By April 2005, the end of Apple's second fiscal quarter, the iPod Shuffle had already proven itself to be a successful product for its manufacturer. Although Apple has chosen not to specify how many iPod Shuffles were sold in the product's first three months of existence, analysts at Piper Jaffray estimated that 1.8 million of the 5.3 million iPods sold in the second quarter were Shuffles. NPD Group estimates that the iPod Shuffle captured 43% of the flash-based music player market in February 2005, after only its second month of existence; by March 2005, its market share had risen to 58%. The iPod Shuffle effectively helped Apple to replace iriver as the global leader in the flash player market, just as it already had been before in the hard disk market.
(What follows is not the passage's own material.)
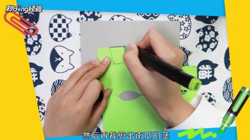 6把黄色卡纸裁剪出两个长条,粘贴在南瓜的两边。

The iPod Shuffle had some market challengers such as Sony's Walkman Bean early on and in later years SanDisk's Sansa Clip, though the iPod Shuffle generally sold better.

In September 2006, Apple CEO Steve Jobs announced during his keynote presentation on the "It's Showtime" Special Event, that until then, Apple had sold 10 million first-generation iPod Shuffles.

===Problems===

====Blinking light problem====
PC World reported a problem with the first-generation iPod Shuffles ceasing normal function, only to flash orange and green lights and become unmountable. Since the Shuffle has no display, the owner cannot read an error message or troubleshoot easily, requiring diagnosis by Apple service personnel. Flashing green and orange lights on the iPod Shuffle indicate that a generic "error" has occurred, according to Apple's documentation. If the device is still covered by warranty, Apple will replace it for free. This problem has also occurred on second-generation iPod Shuffles.

On October 26, 2006, Apple released an iPod Shuffle Reset Utility that corrected this problem for some owners of first-generation iPod Shuffles. Then, in March 2007, an updated iPod Reset Utility was released which can also address similar problems with second-generation iPod Shuffles.

====Third-generation headphone controls====
Unlike most other portable audio players, the third-generation iPod Shuffle's controls are situated on the packaged headphones. The user is unable to control the device unless they use either Apple headphones designed for it, or third-party headphones or adapters. The third generation iPod Shuffle's headphones contain a proprietary integrated circuit. Also, inline control adapters that were made by third-party companies for use with the iPhone are incompatible with the iPod Shuffle.

Several months after the third-generation release, several third-party companies, including Belkin and Scosche, released adapters which can be used to add the controls to standard headphones.